The diagnosis of endometriosis is often strongly suspected from a patient’s initial history. For the vast majority of patients, endometriosis is included in the differential diagnosis of infertility or pelvic pain. An accurate diagnosis of endometriosis must be made by your gynecologist. He or she may perform a laparoscopy, which is an outpatient surgical procedure. A slim telescope is inserted through a very small opening made in the navel. This allows your doctor to examine the abdominal and pelvic organs and evaluate the extent of the disease. A biopsy is needed to make a definitive diagnosis, and that can be done during a laparoscopy or laparotomy (a more invasive surgical procedure which consists of pelvic or abdominal surgery).

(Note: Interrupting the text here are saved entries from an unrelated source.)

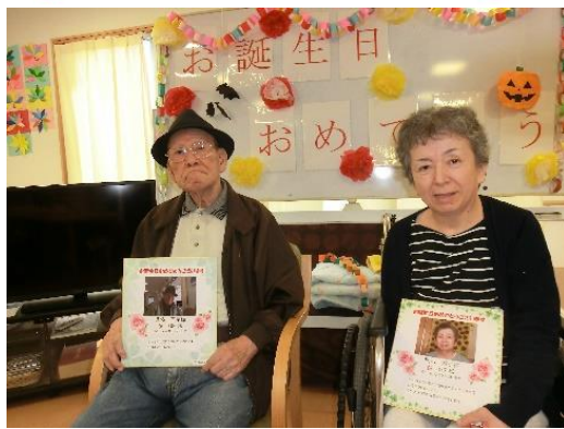
お誕生日おめでとうございます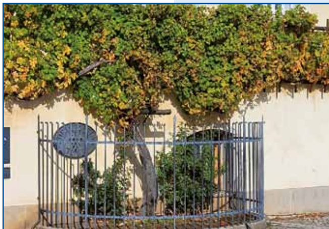
Žametna črnina, ki raste in rodi že več kot 400 let, je vpisana v Guinnessovo knjigo svetovnih rekordov kot najstarejša žlahna vinska trta na svetu.

pot med krošnjami smrek opremljena z informativ-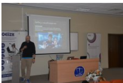
Konferencja w Siedlcach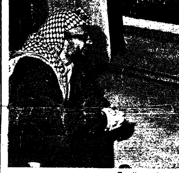
الرئيس السادات والسيد عرفات

قال مصدر رسمي في بيروت ، ان الرئيس فرنجييه سيصل الى دمشق اليوم الاحد ، لحضور مؤتمر قمة ريماسي مع الرئيسين السادات والاسد والسيد ياسر عرفات . وذكر المصدر ان الرؤساء الثلاثة والسيد عرفات سيبحثون تطورات الوضع العربي وخطة العمل في المرحلة الثانية المقبلة . وقد وصل الى دمشق مساء امس ، قلمنا من عمان ، الرئيس السادات . وكان الرئيس الاسد في استقباله بالمطار . وبدأت المحادثات بين الرئيسين على الفور . كما وصل الى العاصمة السورية مساء امس ، السيد عرفات قلمنا من ليبيا حيث افتتح اسبوع فلسطين . السادات لا يدخل لجنيف وكان الرئيس السادات قد أعلن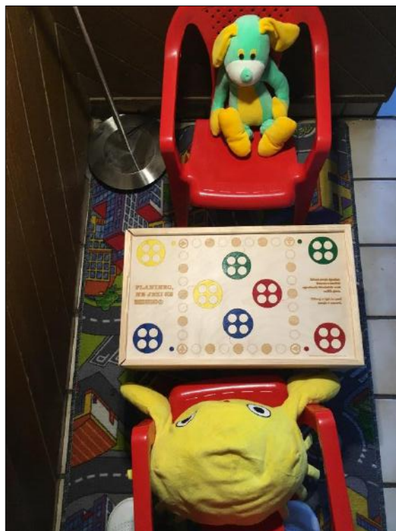
Slika 8: Planinski dom na Kalu

Pred kočjo je prostor z otroškimi igrali, planota pred domom pa sama po sebi ponuja velik prostor za najrazličnejše aktivnosti na prostem, postavljena sta tudi dva gola za nogomet. Za deževne dni je v koči urejen igralni kotiček, lahko si izposodite družabne igre.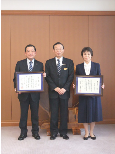
麻生栃木県副知事と記念撮影

《日光杉並木オーナー証書交付式》 2010/10/25 実施 於) 栃木県庁本館 9階特別会議室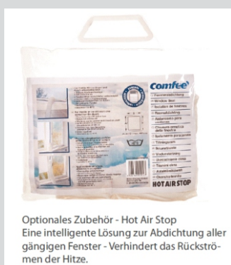
Optionales Zubehör - Hot Air Stop Eine intelligente Lösung zur Abdichtung aller gängigen Fenster - Verhindert das Rückströmen der Hitze.

Midea Europe GmbH Ludwig-Erhard-Straße 14 65760 Eschborn Deutschland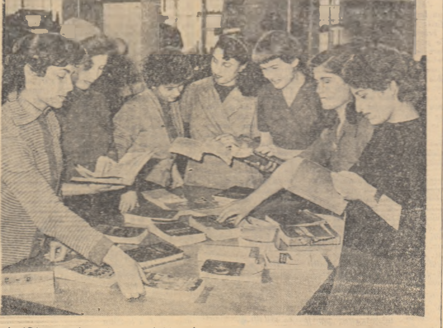
La biblioteca voluntară din sectorul IV al Întreprinderii textile „Tricotajul Roșu” din Capitală au sosit cărți noi.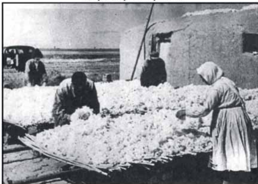
Во время сушки хлопка в колхозе “Бакы Совети” Акстафинского района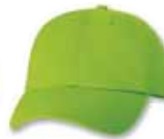
VC300 Neon Green Vert Fluorescent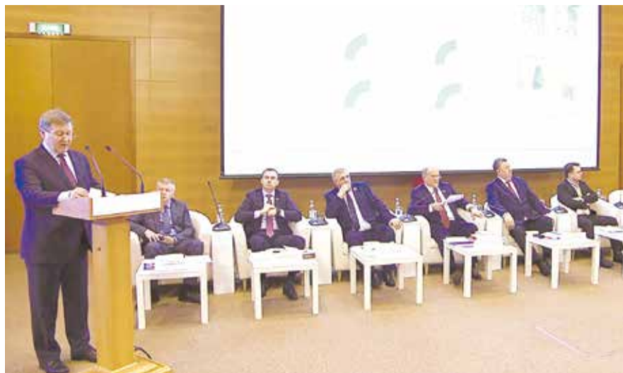
НА ФОТО: ВЫСТУПЛЕНИЕ МЭРА НОВОСИБИРСКА АНАТОЛИЯ ЛОКТИ

Мэр отметил, что у нацпроекта есть и обратная сторона. Программа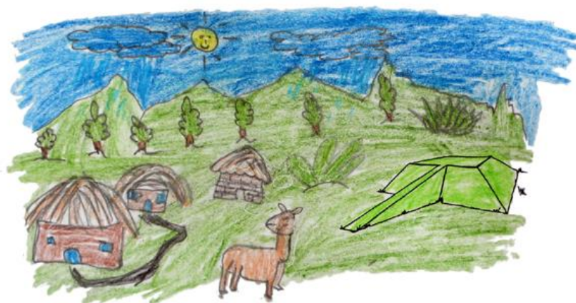
Figura 13 - Dibujo de libre interpretación de un alumno de la Escuela 13 de Abril de Cochasquí

vestigios del pasado. Esto significa desarrollar una comprensión mayor de los valores representados por los propios Bienes Culturales, así como respetar el papel que desempeñan tales monumentos y emplazamientos en la sociedad contemporánea.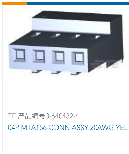
TE 产品编号3-640432-4 04P MTA156 CONN ASSY 20AWG YEL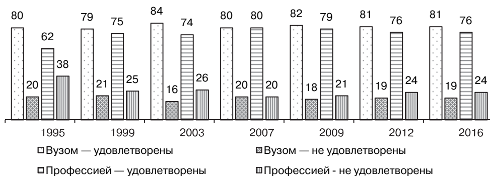
Рис. 2. Динамика показателей удовлетворенности студентов вузом и профессией, %

Даже с учетом того, что респонденты два-три года назад на себе ощутили реальную доступность образования, их ответы весьма показательны. С одной стороны, преобладает мнение: в нашем регионе качественное высшее образование доступно (особенно в этом уверены «естественники»), и эти оценки совпадают с общефедеральными. Свердловская область среди российских регионов по числу доступных мест находится на 22 позиции, по территориальной доступности вузов — на 17—19, по финансовой доступности — на 24, а по числу качественных («высокоселективных») мест — на 3, уступая только Санкт-Петербургу (1 позиция), Томску (2) и обогнав Москву (4) [6. С. 13]. С другой стороны, распространено и мнение о значительных различиях качества образования между вузами (чаще такое мнение высказывают «экономисты»).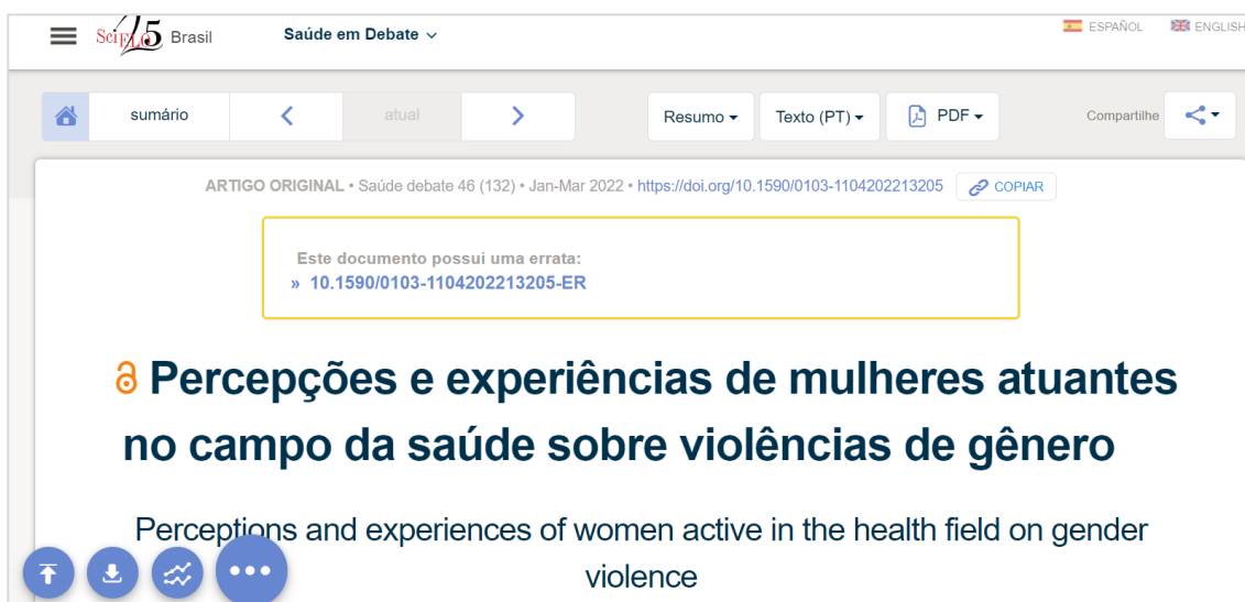
Figura 5: Exemplo da página do documento mencionado pela errata

Disponível em: https://www.scielo.br/j/sdeb/a/kBkzMDZQV9yQKq8VH7csFjv/?lang=pt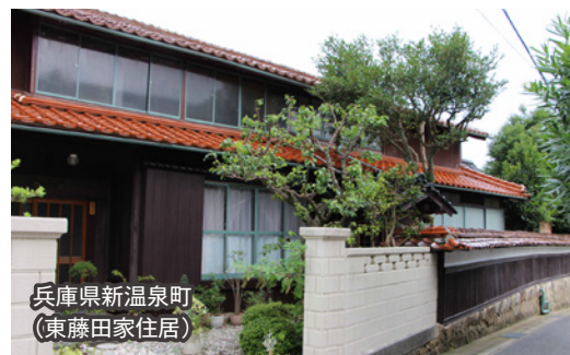
兵庫県新温泉町 (東藤田家住居)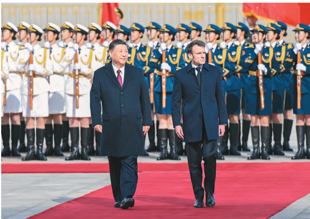
四月六日下午, 国家主席习近平在北京人民大会堂同来华进行国事访问的法国总统马克龙举行会谈。这是会谈前, 习近平在人民大会堂东门外广场为马克龙举行欢迎仪式。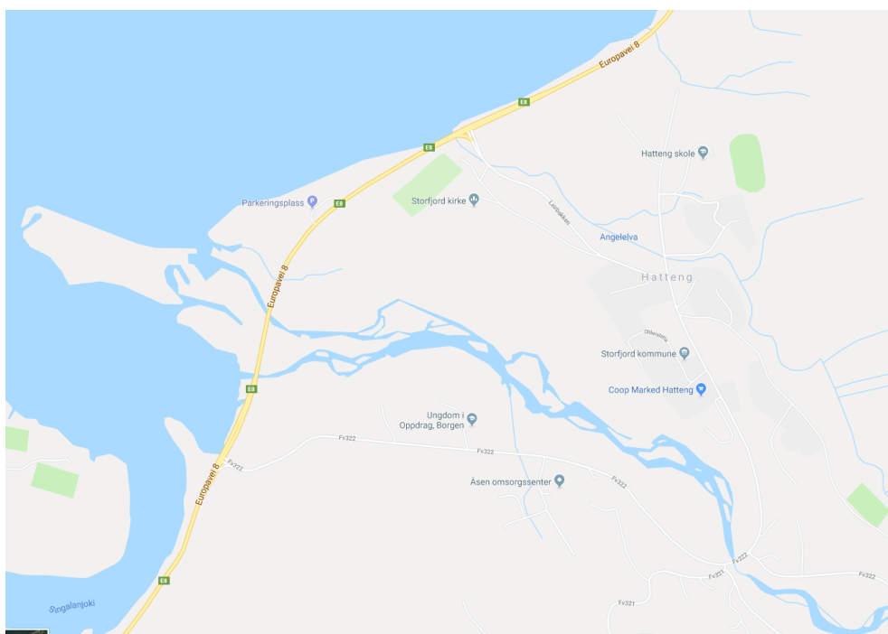
Figur 2. Oversikt over den eksisterende infrastruktur og de viktigste funksjonene på Hatteng. (maps.google.com)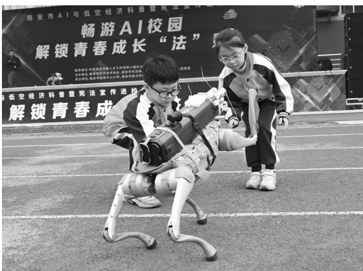
智能机器狗与孩子们互动。

活动现场气氛活跃,互动频频。操场上,几只智能机器狗一亮相便成为全场焦点,它们不仅灵活完成绕场、蹲坐、行礼等动作,还能与孩子“握手”。紧随其后的模拟应急救援演示将现场气氛推向高潮——挂载水枪的救援无人机在操作员的指挥下迅速升空,稳定悬停后对准模拟火点实施精准喷射灭火,清晰展示了低空科技在抢险救援中的实战能力。此外,“氮气飞球”“火焰掌”等科学实验,巧妙地将物理化学原理转化为视觉奇观,引得孩子们惊呼连连。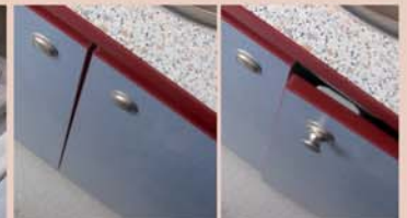
Möbelsystem Wasserfeste und quellfreie Möbelplatten mit versenkbarem Sicherheitsverschluss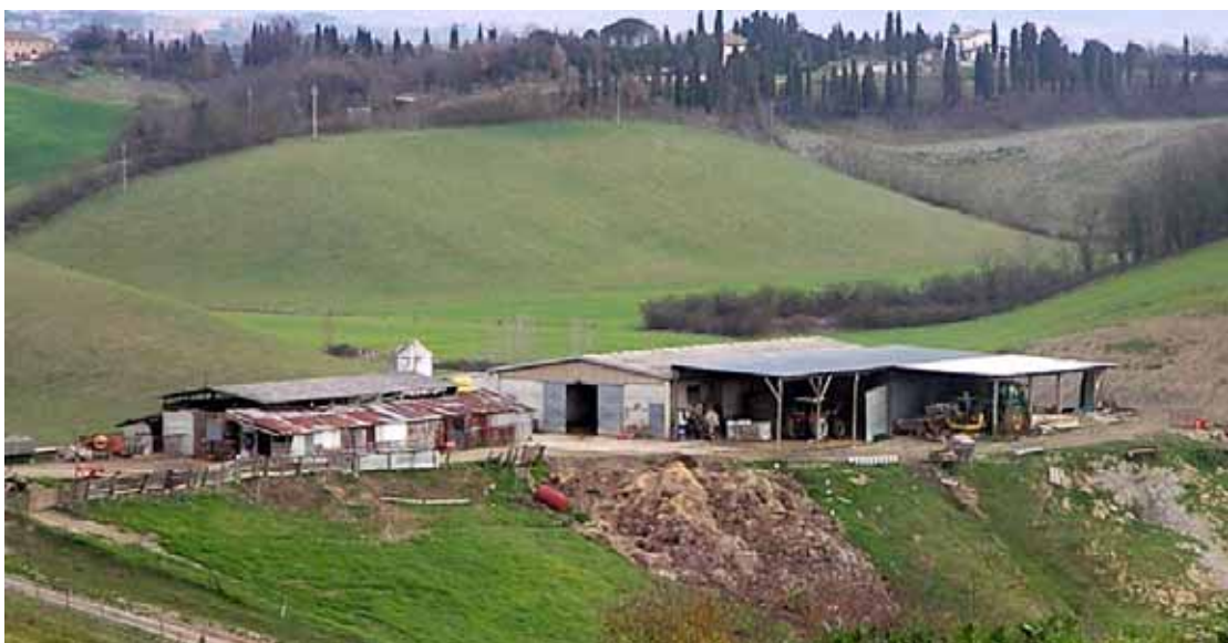
Una località con strutture rilevate appartenenti a tutte le tre tipologie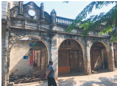
儋州市王五镇上斑驳的民国骑楼。

在王五坊间，“东嘉积，西王五”的说法一直广为流传。所谓“东嘉积，西王五”，指岛东的重镇嘉积和岛西的重镇王五。民国《儋县志》中关于王五的记载：“黎方山货、海滨鱼盐及故乡之糯米薯粮，咸集合交易于此，诚为琼西交通之一重镇也。”说明当时王五已经对周边乡镇起到了市场辐射的作用，是岛西地区重要的商贸中心。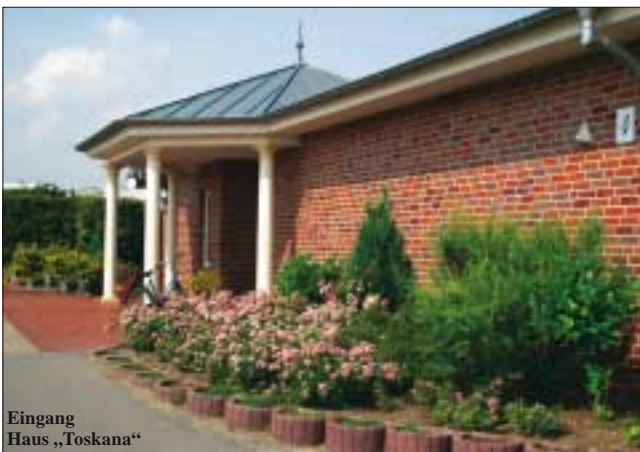
Eingang Haus „Toskana“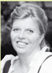
von Claudia Dunst- Mösenlechner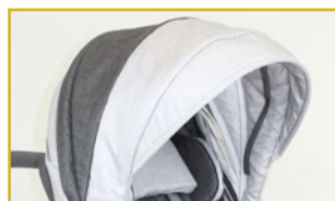
Capota (varios colores)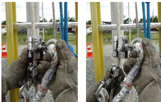
Foto demonstrando o trava-queda travado Foto demonstrando o trava-queda destravado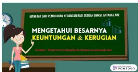
Gambar 1. Hasil Luaran Video

video animasi mengenai edukasi pentingnya pembukuan dan pengelolaan keuangan yang efektif bagi sebuah UMKM, yang bertujuan untuk meningkatkan pengetahuan dan kesadaran terhadap pemilik UMKM mengenai pentingnya untuk memiliki sebuah sistem pembukuan yang efektif. Isi konten yang terdiri dalam video animasi ini berupa penjelasan mengenai pengertian pembukuan, manfaat dari pembukuan terhadap sebuah UMKM, kekurangan atau hambatan dari penggunaan sistem pembukuan secara manual, kelebihan atau manfaat dari penggunaan sistem pembukuan secara digital, serta rekomendasi sebuah aplikasi keuangan digital yang bertujuan untuk memudahkan mitra dalam melakukan pembukuan atau pengelolaan keuangan terhadap UMKM-nya. Kemudian video animasi ini juga dipublikasikan di media massa berupa Youtube , agar dapat diakses dan diketahui oleh masyarakat luas.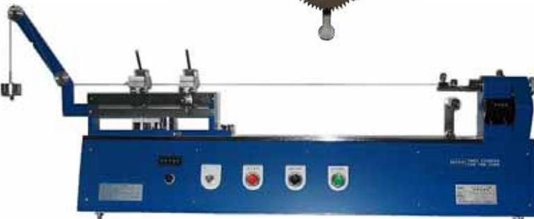
型式 : TT

Frequently medications are given that suppress ovulation and the normal menstrual process, usually birth control pills. Birth control pills have many problem attributed to them, including women who smoke and use OCs have a five-times greater risk of dying from a myocardial infarction than OC users who do not smoke. The use of the pill has been linked to circulatory problems especially blood clots. Oral contraceptives deplete the body of certain nutrients, mainly folate, pyridoxine which is vitamin B6, riboflavin, vitamin B12, vitamin C, magnesium and zinc.
Occasionally other drugs such as Nafarelin, a gonadotropin releasing hormone agonist are used which produce a relative menopausal- like state. These medications may induce breakthrough bleeding, bone loss and depression, the use is limited to 6 months or less.
Another drug that may be used to instill a low estrogen state is danzol, an analog of androgen, the male hormone. These drugs have the adverse effects such as weight gain, body hair growth, male pattern baldness, voice changes, edema and irritability.
Conservative surgery, where only the endometrial lesion are removed and the uterus and ovaries are left intact, is an option for those with significant pelvic adhesions, fallopian tube obstruction or incapacitating pain. Unfortunately most surgery increases the chance for new adhesions to develop. At times hysterectomy is warranted for women who have completed childbearing. If hysterectomy is performed on younger women hormone replacement therapy (i.e. premarin) may be advised.
Women should not accept drug therapy without a confirmed surgical or biospy diagnosis of endometriosis.